A framework for assessing and understanding sources of error in Earth System Model emulation
Abstract. Full-scale Earth system models are too computationally expensive to keep pace with the growing demand for climate projections across a large range of emissions pathways. Climate emulators, reduced-order models that reproduce the output of full-scale models, are poised to fill this niche. However, the large number of emulation techniques available and lack of a comprehensive theoretical basis to understand their relative strengths and weaknesses compromises fundamental methodological comparisons. Here, we present a theoretical framework that connects disparate emulation techniques, using it to analyze sources of emulator error focusing on memory effects, hidden variables, system noise, and nonlinearities. This framework includes popular emulation techniques such as pattern scaling and response functions, relating them to less commonly used methods, such as Dynamic Mode Decomposition and the Fluctuation Dissipation Theorem (FDT). To support our theoretical contributions, we provide practical implementation details for each technique, evaluating performance across a series of experiments designed to highlight different potential sources of error. We find that response function-based emulators outperform other techniques, particularly pattern scaling, across all scenarios tested. We additionally outline potential advantages of incorporating statistical mechanics into climate emulation through the use of the FDT, though this technique requires greater computational resources and non-standard scenarios for training. Results highlight the relative utility of each technique discussed, along with the importance of designing future scenarios for Earth system models with emulation in mind, suggesting that large-ensemble experiments utilizing the FDT could benefit climate modeling and impacts communities.
The authors present a framework for comparing emulation techniques. They do so by showing the theoretical connections between several existing emulation methods and relating them to two types of linear operators. These operators are shown to explain the same information about the system, demonstrating a link among all methods considered. The authors then test these methods’ abilities to predict four forcing response scenarios in four simplified toy models of either the climate system or the Lorenz convection approximation. Response function methods outperform both pattern scaling and attempts to directly estimate the linear operator in these example tests. The discussion around modeled results in the various tests is thorough and the connections to a common set of linear operators will likely be useful when considering how different emulators might perform. I have experience with pattern scaling, FDT, and ridge regression (which is how the deconvolution method has been practically implemented), though less so with much of the emulator-specific background cited here. As such, I will limit my comments to how this work fits with understanding ESMs more broadly.
Specific comments:
My main comment covers the goal and applicability of this work. I understand that the intent of the paper is to establish a “framework”, by which the authors mean the ability to frame each of these emulators as a variation or simplification on the paired linear response operators Fokker-Planck/Koopman. What is less clear to me is how directly the link can be made to “sources of error in Earth System Model emulation”. Generally, I understand if this paper is laying the groundwork for ESM testing, but in that case I felt that the writing did not make that intention clear. As presented, it reads as offering a tool that is directly applicable to evaluating emulators with respect to ESMs. The tests get at particular challenges in ESMs: memory effects, hidden variables, noise, and nonlinearities. However, the reader does not see the actual interaction between these methods and errors in ESM emulation.

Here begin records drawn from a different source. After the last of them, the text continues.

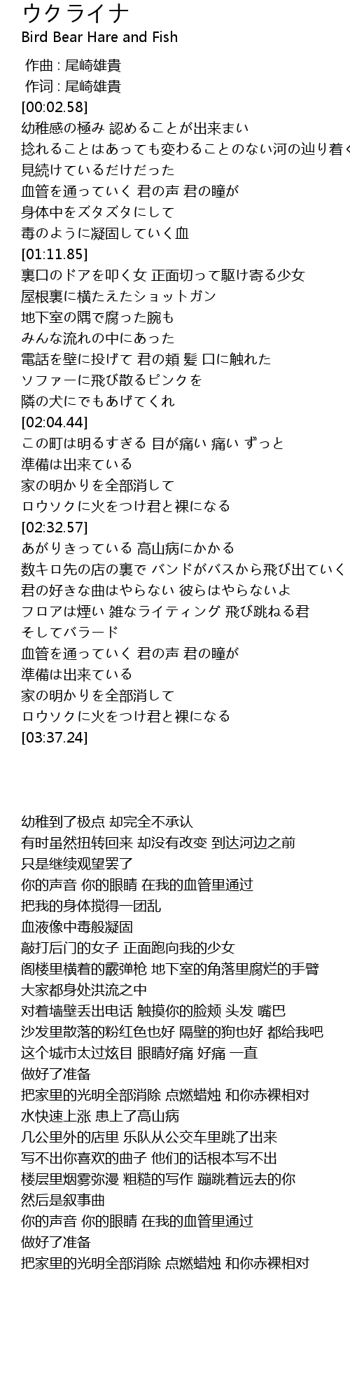| [00:00.686] | 作词 : 尾崎雄貴 |
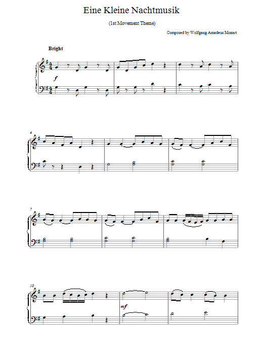Download or print Wolfgang Amadeus Mozart Eine Kleine Nachtmusik sheet music, chords and digital score arranged for Easy Piano. This Classical score includes 4 page(s).
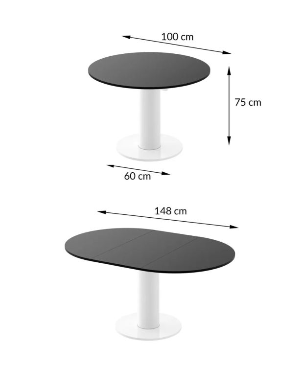 Ištraukiamas stalas SOLO LUX 100 – tai modernus baldas, kuriame dera minimalistinis dizainas ir pažangios technologijos, puikiai papildančios modernų interjerą. 100 cm skersmens stalviršis pagamintas iš aukštos kokybės MDF plokštės ir padengtas elegantiška balta matine spalva su antipirenų danga. Ši danga apsaugo paviršių nuo pirštų atspaudų, todėl jį lengva valyti ir jis apsaugo nuo nemalonių dėmių. Be to, matinė apdaila suteikia stalui subtilaus elegancijos, o pats stalas yra atsparus įbrėžimams, dėmėms ir kitoms kasdienėms dėmėms.

530: While the 2- and 3-box models are frequent approximations to the climate system, they lack many of the physical mechanisms that make the climate system difficult to model. The parameters in these models are fit to ESMs, so are themselves simplified estimates of the actual behavior. I felt that the link between ability to emulate these examples and the ability to emulate ESMs deserved more discussion. I would have found this conceptually more useful than the level of technical detail included for the linear operators and each emulation model in the main text.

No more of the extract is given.